In order to effectively pursue its mandate, the Canadian Grain Commission aims to achieve the following strategic outcome: Canada's grain is safe, reliable and marketable and Canadian grain producers are properly compensated for grain deliveries to licensed grain companies.
The Canadian Grain Commission's Program Alignment Architecture has five programs. The Quality Assurance Program, Quantity Assurance Program, Grain Quality Research Program, and Producer Protection Program each contribute to making progress to the sole strategic outcome. The Internal Services program supports all other programs within the Canadian Grain Commission.
The Canadian Grain Commission Revolving Fund was established under Appropriation Act No. 6, 1994-1995. The Fund has a continuing non-lapsing authority from Parliament to make payments out of the Consolidated Revenue Fund for working capital, capital acquisitions and temporary financing of accumulated operating deficits, the total of which cannot exceed $2,000,000 at any time.
The Canadian Grain Commission received authorization from Treasury Board to access its net authority provided for a total amount up to $7,946,483 in fiscal year 2014-2015 to allow payments for severance obligations that have been expensed in previous years.
In the fall of 2012, two initiatives were announced that have impacted the services and organizational structure of the Canadian Grain Commission.
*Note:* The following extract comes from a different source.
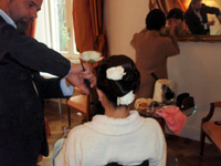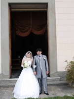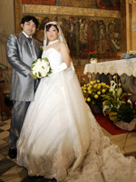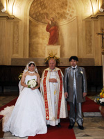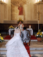 そして車で40分、サンタ・マリア教会へ。イタリアには挙式のリハーサルという概念はなく、講座後、気がついたら式が始まっていました。『間違ったとしてもそれもよい思い出』ということらしいのですが、確かによく考えれば、ヴァージンロードって、初めて歩くからヴァージンロードなのですよね。パイプオルガンの音色、神父様のイタリア語によるブレッシングにはとても感動させられました。とっても格式の高い教会での挙式を肌で感じることができ、ヴァージンロードを歩いている時、なぜか自然に涙がでそうになりぐっと堪えました。(恥ずかしいので秘密にしてましたけど・・笑)挙式後はホテルに戻り、ウェディングランチをいただきました。かわいいケーキもあってアットホームな感じで良かったです。 |

Firstly, Bill C-45, containing proposed amendments to the Canada Grain Act, was introduced in Parliament. Secondly, on November 1, 2012, the Canadian Grain Commission launched consultations on Canadian Grain Commission user fees that reflected an updated Canada Grain Act and streamlined Canadian Grain Commission operations. Bill C-45 received Royal Assent on December 14, 2012. The amendments to the Canada Grain Act came into force on August 1, 2013. Updated user fees took effect August 1, 2013, concurrent with changes to the Canada Grain Act. In response to both the legislative changes and restructured user fees, the Canadian Grain Commission has adjusted its workforce (note 6), organizational design, and operations.
The revised funding model which came into effect on August 1, 2013, is based on full cost recovery through user fees and ongoing appropriations. Until the implementation of this model, the Canadian Grain Commission was funded through its ongoing appropriations, fees collected and special appropriation.
In accordance with the Government's policy on self-insurance, the Canadian Grain Commission does not carry its own insurance. The Canadian Grain Commission is not subject to income tax.